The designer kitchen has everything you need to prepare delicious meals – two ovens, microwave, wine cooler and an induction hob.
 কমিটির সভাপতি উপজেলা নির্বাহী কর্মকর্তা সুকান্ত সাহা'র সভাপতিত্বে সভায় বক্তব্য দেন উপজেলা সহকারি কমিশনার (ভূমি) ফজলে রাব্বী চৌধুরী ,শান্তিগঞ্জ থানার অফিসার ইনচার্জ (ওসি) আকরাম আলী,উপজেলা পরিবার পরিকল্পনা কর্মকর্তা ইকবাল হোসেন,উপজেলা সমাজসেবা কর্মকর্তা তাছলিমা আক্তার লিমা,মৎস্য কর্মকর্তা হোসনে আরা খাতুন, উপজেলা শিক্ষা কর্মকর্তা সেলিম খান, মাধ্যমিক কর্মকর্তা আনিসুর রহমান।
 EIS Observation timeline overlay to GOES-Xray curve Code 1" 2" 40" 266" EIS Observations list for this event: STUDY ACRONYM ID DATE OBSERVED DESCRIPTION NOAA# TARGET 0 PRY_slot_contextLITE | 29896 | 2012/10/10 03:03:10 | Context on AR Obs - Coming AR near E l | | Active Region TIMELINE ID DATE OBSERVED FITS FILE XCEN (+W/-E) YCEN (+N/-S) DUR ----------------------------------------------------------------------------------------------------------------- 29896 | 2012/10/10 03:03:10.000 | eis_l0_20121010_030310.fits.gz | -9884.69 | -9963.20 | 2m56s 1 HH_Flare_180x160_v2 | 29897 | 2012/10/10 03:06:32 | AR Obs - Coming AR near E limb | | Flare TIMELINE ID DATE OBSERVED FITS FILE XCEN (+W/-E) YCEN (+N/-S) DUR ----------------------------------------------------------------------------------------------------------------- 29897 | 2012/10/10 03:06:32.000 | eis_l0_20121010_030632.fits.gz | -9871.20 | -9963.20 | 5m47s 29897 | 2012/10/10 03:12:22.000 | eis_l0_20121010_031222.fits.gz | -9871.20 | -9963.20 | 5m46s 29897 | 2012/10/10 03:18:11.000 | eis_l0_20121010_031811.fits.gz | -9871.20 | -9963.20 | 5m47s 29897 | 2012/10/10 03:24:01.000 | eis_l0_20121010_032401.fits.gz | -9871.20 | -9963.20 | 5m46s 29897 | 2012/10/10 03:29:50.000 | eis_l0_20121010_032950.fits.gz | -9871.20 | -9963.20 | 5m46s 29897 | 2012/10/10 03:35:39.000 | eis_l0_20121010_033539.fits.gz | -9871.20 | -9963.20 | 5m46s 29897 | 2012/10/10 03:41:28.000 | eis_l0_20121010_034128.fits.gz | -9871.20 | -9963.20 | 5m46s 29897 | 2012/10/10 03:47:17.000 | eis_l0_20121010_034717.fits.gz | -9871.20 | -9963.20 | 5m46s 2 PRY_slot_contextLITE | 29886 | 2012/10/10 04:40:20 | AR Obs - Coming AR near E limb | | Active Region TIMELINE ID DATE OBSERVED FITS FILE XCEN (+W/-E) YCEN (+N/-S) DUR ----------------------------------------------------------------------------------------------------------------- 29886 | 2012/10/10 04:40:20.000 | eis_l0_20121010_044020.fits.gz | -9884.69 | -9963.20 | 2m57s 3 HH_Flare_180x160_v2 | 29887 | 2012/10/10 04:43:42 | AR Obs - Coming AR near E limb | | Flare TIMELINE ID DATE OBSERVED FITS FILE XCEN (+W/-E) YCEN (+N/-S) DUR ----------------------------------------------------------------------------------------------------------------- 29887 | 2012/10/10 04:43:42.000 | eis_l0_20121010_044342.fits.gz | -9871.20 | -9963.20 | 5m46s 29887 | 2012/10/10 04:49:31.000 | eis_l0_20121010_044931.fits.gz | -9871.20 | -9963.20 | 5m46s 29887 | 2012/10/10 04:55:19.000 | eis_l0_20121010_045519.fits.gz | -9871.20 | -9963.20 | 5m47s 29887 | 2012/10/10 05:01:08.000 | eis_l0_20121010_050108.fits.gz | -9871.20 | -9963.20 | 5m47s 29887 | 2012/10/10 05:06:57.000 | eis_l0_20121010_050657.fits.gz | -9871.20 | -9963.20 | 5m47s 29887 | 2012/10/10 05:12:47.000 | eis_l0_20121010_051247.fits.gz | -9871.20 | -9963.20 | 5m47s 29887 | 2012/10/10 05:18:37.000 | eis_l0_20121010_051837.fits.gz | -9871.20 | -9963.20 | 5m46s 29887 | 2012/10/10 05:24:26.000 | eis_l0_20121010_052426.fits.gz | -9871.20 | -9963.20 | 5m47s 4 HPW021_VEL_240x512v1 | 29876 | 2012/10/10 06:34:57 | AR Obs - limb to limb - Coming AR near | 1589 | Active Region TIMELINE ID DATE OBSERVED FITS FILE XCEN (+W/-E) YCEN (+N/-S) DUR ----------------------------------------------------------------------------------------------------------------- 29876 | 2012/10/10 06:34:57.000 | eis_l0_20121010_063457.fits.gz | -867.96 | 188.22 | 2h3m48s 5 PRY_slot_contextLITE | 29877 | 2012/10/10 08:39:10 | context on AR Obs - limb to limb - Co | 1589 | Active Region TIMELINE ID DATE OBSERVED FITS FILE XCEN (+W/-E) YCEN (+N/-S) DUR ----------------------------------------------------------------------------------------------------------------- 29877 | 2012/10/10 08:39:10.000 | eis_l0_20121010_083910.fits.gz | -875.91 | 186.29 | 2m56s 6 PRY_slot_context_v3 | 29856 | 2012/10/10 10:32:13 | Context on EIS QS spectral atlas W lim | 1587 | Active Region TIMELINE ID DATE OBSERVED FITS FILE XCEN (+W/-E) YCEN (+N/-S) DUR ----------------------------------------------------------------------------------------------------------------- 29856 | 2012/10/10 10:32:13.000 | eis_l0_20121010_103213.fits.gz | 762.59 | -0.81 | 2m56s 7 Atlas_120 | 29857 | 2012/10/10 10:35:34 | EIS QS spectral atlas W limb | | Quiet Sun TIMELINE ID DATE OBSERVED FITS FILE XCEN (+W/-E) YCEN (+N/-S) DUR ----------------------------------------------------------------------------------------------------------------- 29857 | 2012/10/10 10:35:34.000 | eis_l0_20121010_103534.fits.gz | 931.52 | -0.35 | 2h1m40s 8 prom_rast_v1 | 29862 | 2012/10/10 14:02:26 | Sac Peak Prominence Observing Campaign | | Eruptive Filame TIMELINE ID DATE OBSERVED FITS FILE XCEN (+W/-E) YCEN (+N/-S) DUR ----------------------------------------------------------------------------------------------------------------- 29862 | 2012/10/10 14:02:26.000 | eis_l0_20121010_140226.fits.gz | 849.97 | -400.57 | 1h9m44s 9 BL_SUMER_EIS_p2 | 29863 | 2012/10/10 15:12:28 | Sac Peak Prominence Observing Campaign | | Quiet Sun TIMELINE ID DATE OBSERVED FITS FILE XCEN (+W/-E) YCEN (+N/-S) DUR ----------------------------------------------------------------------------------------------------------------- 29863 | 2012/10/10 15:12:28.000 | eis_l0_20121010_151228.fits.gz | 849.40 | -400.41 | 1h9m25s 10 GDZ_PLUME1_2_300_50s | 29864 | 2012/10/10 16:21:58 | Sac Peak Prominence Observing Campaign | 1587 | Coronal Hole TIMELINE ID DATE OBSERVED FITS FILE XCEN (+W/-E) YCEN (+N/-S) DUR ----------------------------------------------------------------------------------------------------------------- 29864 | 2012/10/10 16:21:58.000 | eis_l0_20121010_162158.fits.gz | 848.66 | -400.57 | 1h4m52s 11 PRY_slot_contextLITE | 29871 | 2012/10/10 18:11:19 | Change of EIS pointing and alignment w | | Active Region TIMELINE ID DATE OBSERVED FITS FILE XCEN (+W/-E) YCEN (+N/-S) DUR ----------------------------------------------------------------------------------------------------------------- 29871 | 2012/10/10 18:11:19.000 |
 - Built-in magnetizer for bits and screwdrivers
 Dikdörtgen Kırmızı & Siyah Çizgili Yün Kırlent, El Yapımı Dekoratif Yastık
----------------
**Task description:** Only one stretch of the data is wanted: the lines from the one with "- Built-in magnetizer" through the last, repeated exactly.

**Answer box:**
 - Built-in magnetizer for bits and screwdrivers
 Dikdörtgen Kırmızı & Siyah Çizgili Yün Kırlent, El Yapımı Dekoratif Yastık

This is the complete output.